Я хотела кричать, но не могла дышать.
И тут я поняла, что это и есть оно. Проклятие. Не абстрактное понятие, а живая, голодная сущность. И теперь оно чувствовало меня. Новую добычу.
Внезапно гул стих. Ветер упал. Свечи погасли, словно их и не было.
В кромешной, абсолютной тишине и темноте я ощутила его. Не Кэлтана. Не человека. А ту самую Тьму. Она обернулась ко мне, оценивающе, с древним, безразличным любопытством. Она видела мою душу, такую хрупкую и чужеродную.
И тогда из самой глубины меня, из того уголка, где еще теплилась моя воля, родился не крик, а мысль. Тихая, но абсолютно четкая.
«Он мой. И я никуда не уйду».
Это не было заклинанием. Это было просто… правдой.
И тьма отступила.
Не исчезла. Нет. Она осталась внутри, тяжелым, холодным камнем на дне моей души. Но ее давление ослабло. Ее бесконечный голод… утолился. Он был теперь не сконцентрирован в одном месте, а распределен между нами двумя.
Я рухнула на колени, судорожно хватая ртом воздух. Рядом со мной на камни опустился Кэлтан. Его дыхание тоже было прерывистым.
Восходящая луна снова выглянула из-за туч, осветив часовню. Я посмотрела на нашу все еще сцепленные руки. Раны на ладонях больше не кровоточили. На их месте остались лишь тонкие серебристые шрамы, похожие на старые.
И… что-то еще. Я почувствовала его. Не просто человека рядом, а самую его суть. Глубокую, израненную печаль, которую я теперь носила в себе. Но также и его яростную силу. Его непоколебимую волю.
Я подняла на него глаза. Он уже смотрел на меня. В его взгляде не было триумфа. Лишь изумление, граничащее с благоговением, и бесконечная, всепоглощающая усталость.
— Эйра? — он произнес мое имя, и это был уже не вопрос, а утверждение. Проверка новой, немыслимой реальности.
Он был все еще там. Я была все еще здесь. Но между нами теперь не было границы.
— Я здесь, — прошептала я, и мой голос звучал чужим, но верным. — Всегда.
Мы не победили проклятие. Мы заключили с ним сделку. И цена была ужасна. Но мы заплатили ее. Вместе.
И впервые за долгие века в стенах поместья Роверон воцарилась не иллюзия покоя, а хрупкое, выстраданное перемирие.
Свет раннего утра заливал библиотеку, безжалостно высвечивая пыль на стеллажах и наши бледные, изможденные лица. Мы сидели рядом на диване, не говоря ни слова. Новую, странную связь между нами можно было почти ощутить физически — тонкую, как паутина, но неразрывную. Мы просто дышали, прислушиваясь к тишине внутри себя, к ослабленному, но все еще живому присутствию Тьмы.
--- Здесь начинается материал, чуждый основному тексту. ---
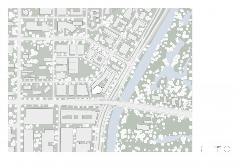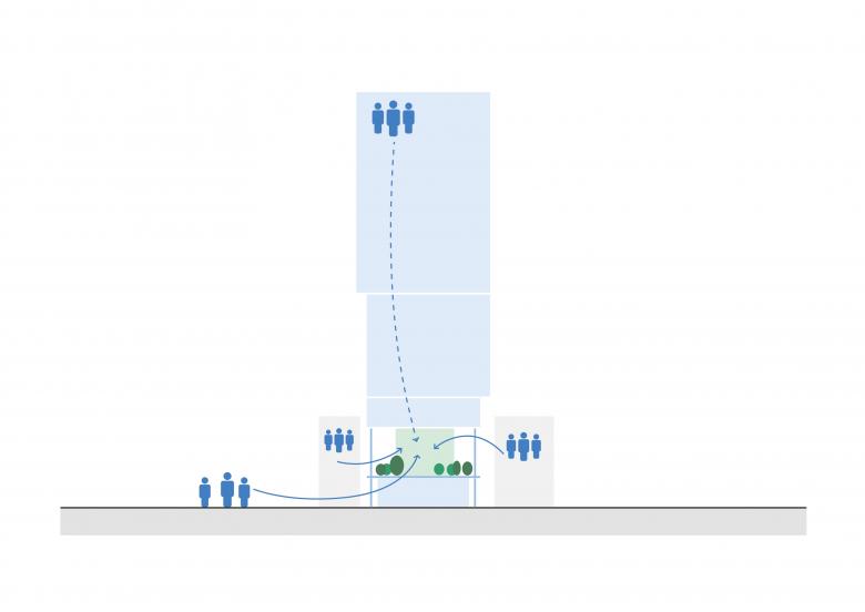 Towards the outside, the base floors are kept open in order to create a publicly accessible lobby, which serves as an urban living room, and an elevated garden above, where events and art exhibitions can be held. The garden functions as a connecting platform for the existing buildings and houses leisure spaces, sports facilities, and cafés—also benefitting the wider public in the area. The open base allows for daylight and air in the courtyard and the lower office buildings.

И тут дверь с треском распахнулась.
В проеме стояла леди Роверон. Но это была не хрупкая, угасающая женщина из зимнего сада. Ее стройная фигура была выпрямлена яростью, а в глазах, широко раскрытых и сухих, пылал такой гнев, от которого кровь стыла в жилах. Она держалась за косяк, будто ее шатало, но голос, когда она заговорила, был низким, вибрирующим от невысказанной годами боли.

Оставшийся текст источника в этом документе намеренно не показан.